═══ Records shown ═══
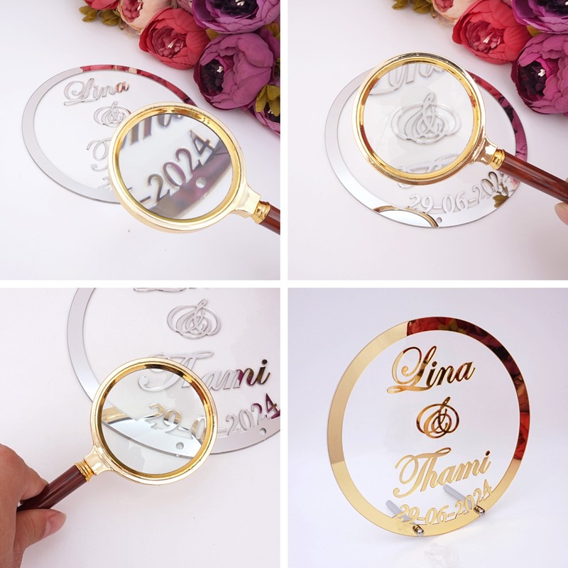 Verschillende Stijl Custom Wedding Borden Naam Datum Acryl Spiegel Frame Woord Teken Party Decor Met Nail Favor Gift Ronde Hart
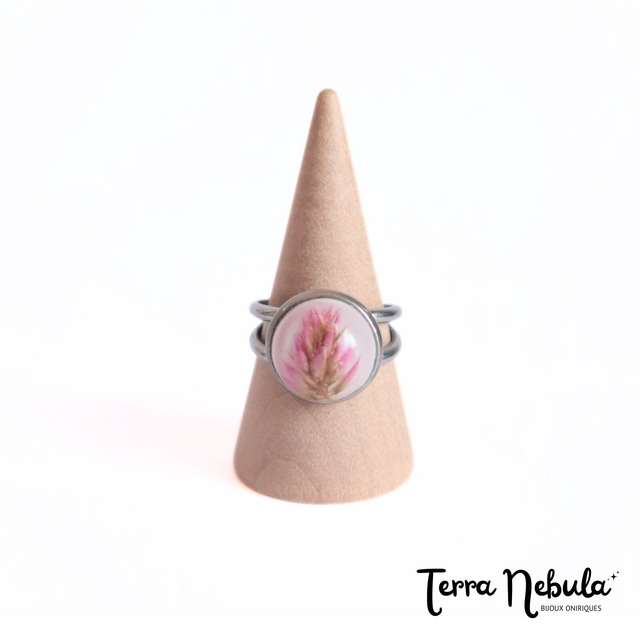 Bague composée d'un cabochon de diamètre 10 mm en résine époxy, colorant blanc, célosie séchée et d'une base en acier inoxydable. Taille unique et réglable. Présentation en écrin noir
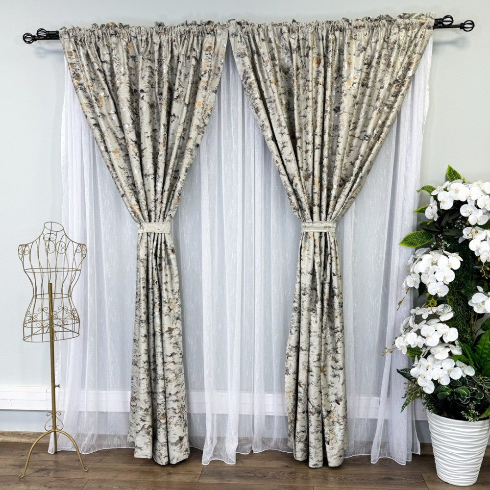 Aceste draperii nu sunt doar un element de decor, ci și o declarație a bunului gust și a stilului sofisticat al proprietarului. Cu o astfel de alegere, încăperea devine cu adevărat remarcabilă, transformând orice spațiu într-un sanctuar al luxului și al eleganței.
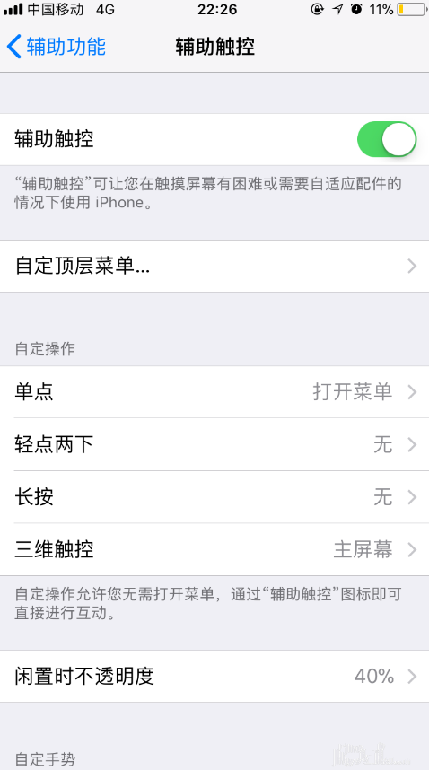 通过以上设置,我们使用iPhone机就可以敲两下进行截图了,需要注意的是,这个连按两下是必须要按在我们的辅助触控上的,其他地方没有用。
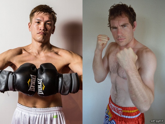 J-NETWORKライトヘビー級次期王者挑戦者決定戦で対戦する藤田智也(左)と武来安(右)
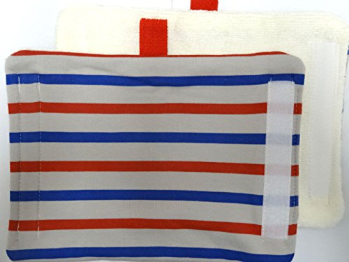- 表地綿ニット(Tシャツの生地)、裏地タオル(バスタオル生地) のリバーシブルになっています。
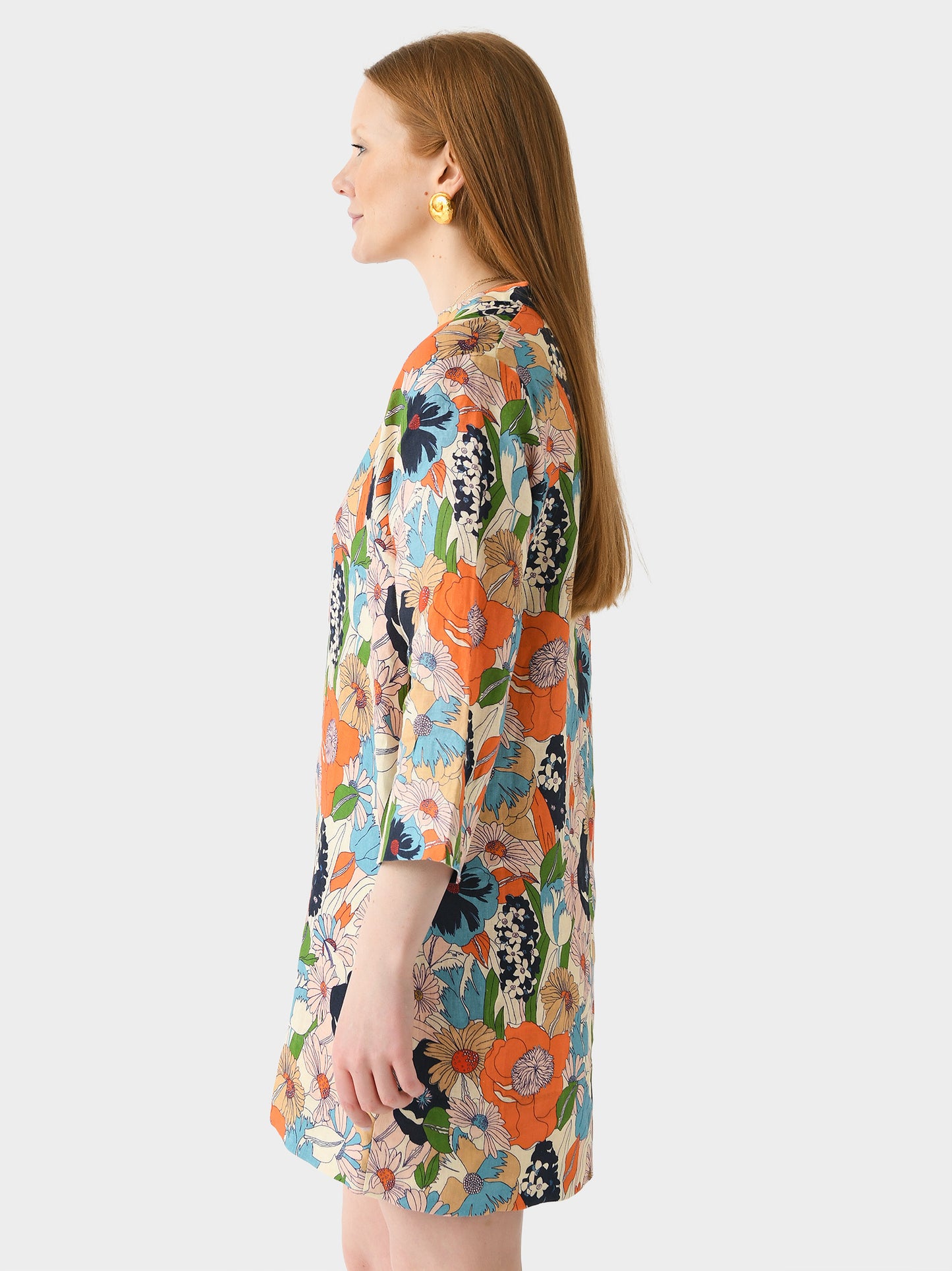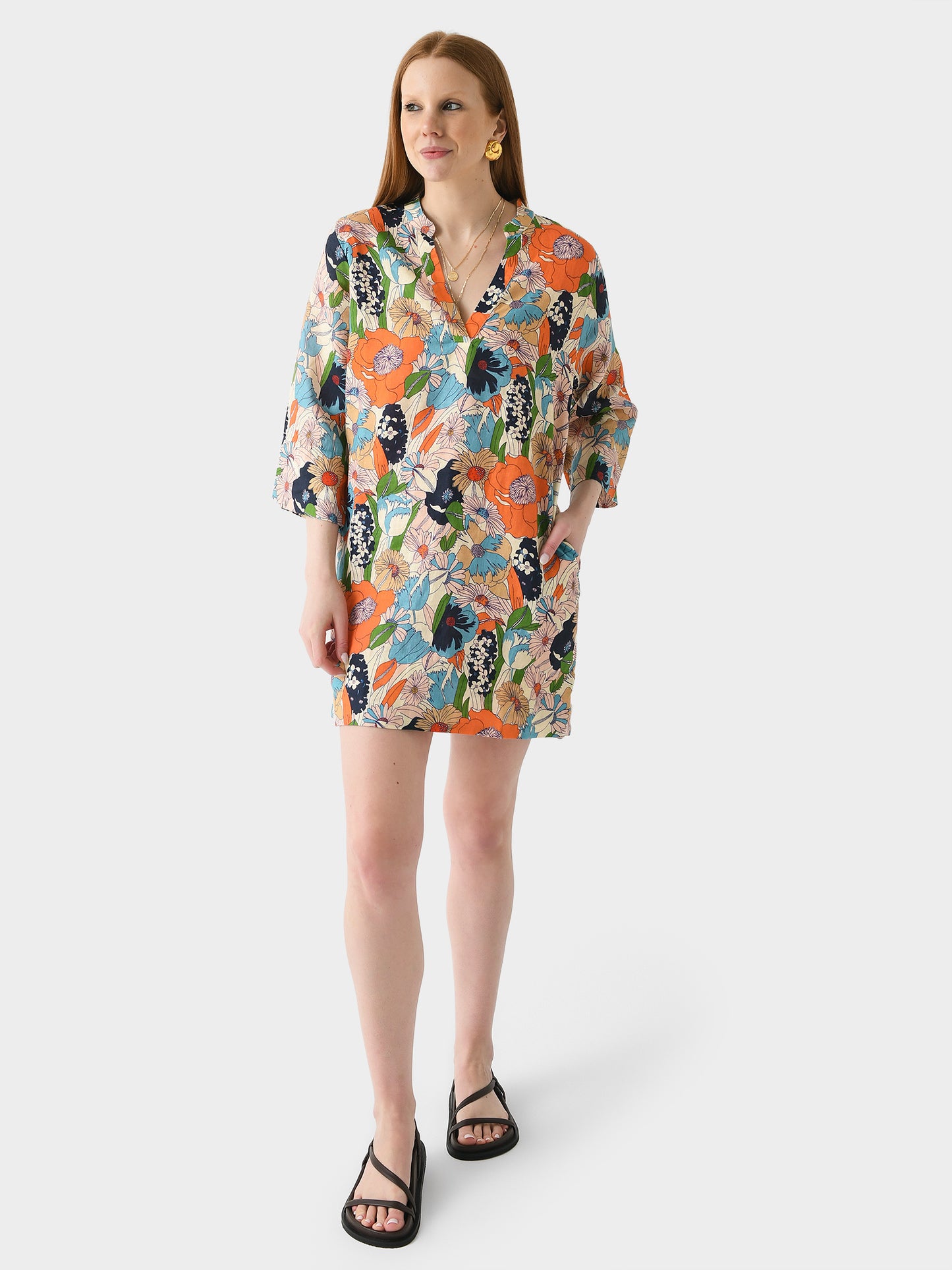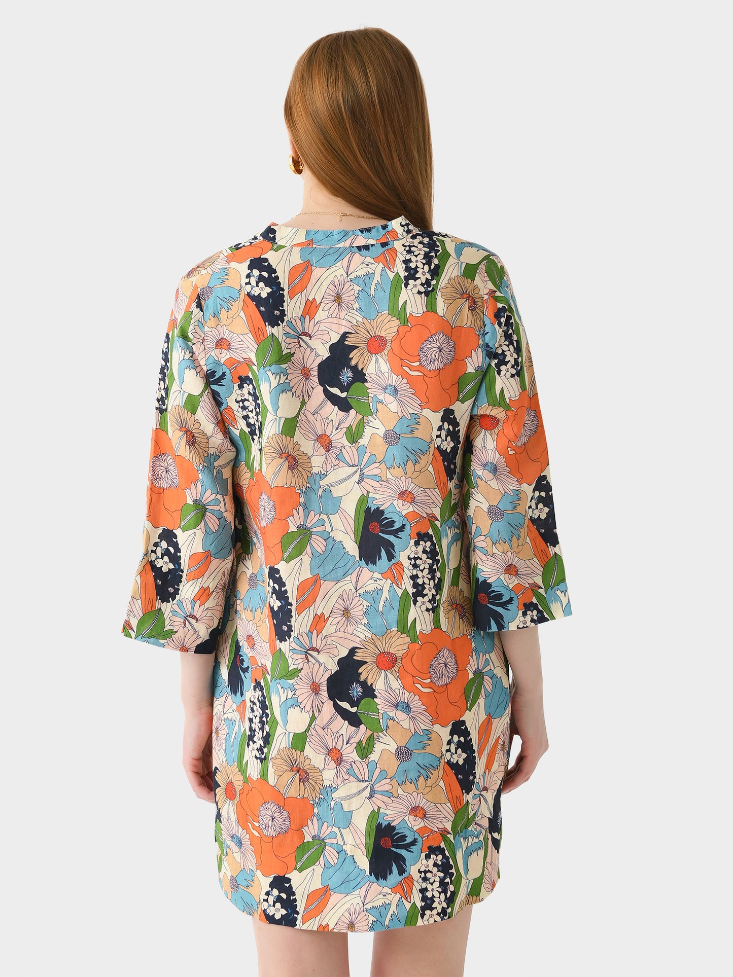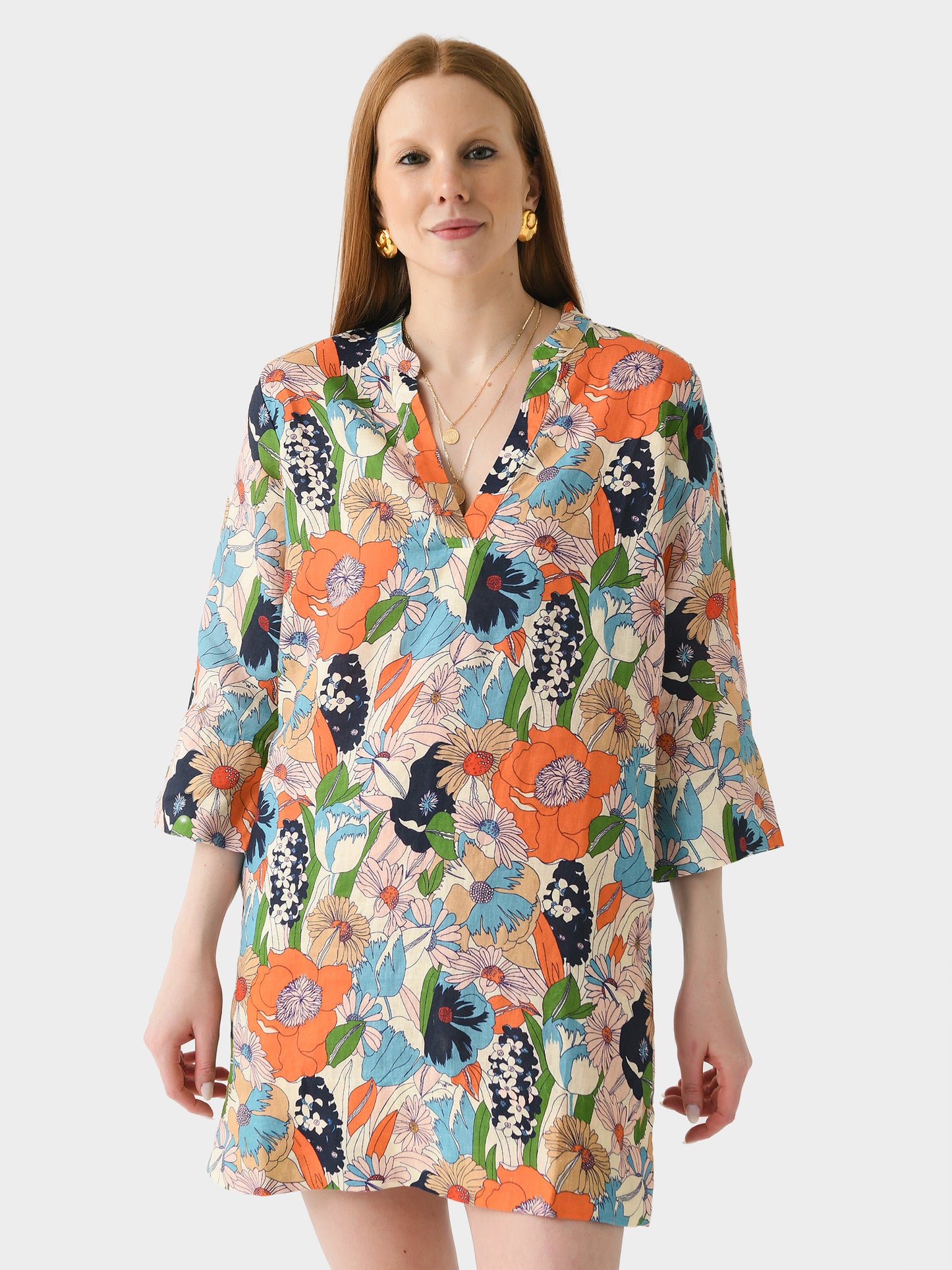 A casual shift dress made from lightweight linen with a colorful floral print.
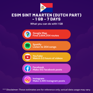 Hello, Globetrotter! 🚀 Gearing up for a journey to the world’s hidden gem, Sint Maarten (Dutch Part)? Let our 1 GB – 7 Days eSIM be your reliable digital ally, ensuring you remain connected at every step!
═══
:: Exercise goal ::
Keep every word of the records above exactly, and return them with no pictures.

:: Solution to this exercise ::
 Verschillende Stijl Custom Wedding Borden Naam Datum Acryl Spiegel Frame Woord Teken Party Decor Met Nail Favor Gift Ronde Hart
 Bague composée d'un cabochon de diamètre 10 mm en résine époxy, colorant blanc, célosie séchée et d'une base en acier inoxydable. Taille unique et réglable. Présentation en écrin noir
 Aceste draperii nu sunt doar un element de decor, ci și o declarație a bunului gust și a stilului sofisticat al proprietarului. Cu o astfel de alegere, încăperea devine cu adevărat remarcabilă, transformând orice spațiu într-un sanctuar al luxului și al eleganței.
 通过以上设置,我们使用iPhone机就可以敲两下进行截图了,需要注意的是,这个连按两下是必须要按在我们的辅助触控上的,其他地方没有用。
 J-NETWORKライトヘビー級次期王者挑戦者決定戦で対戦する藤田智也(左)と武来安(右)
- 表地綿ニット(Tシャツの生地)、裏地タオル(バスタオル生地) のリバーシブルになっています。
 A casual shift dress made from lightweight linen with a colorful floral print.
 Hello, Globetrotter! 🚀 Gearing up for a journey to the world’s hidden gem, Sint Maarten (Dutch Part)? Let our 1 GB – 7 Days eSIM be your reliable digital ally, ensuring you remain connected at every step!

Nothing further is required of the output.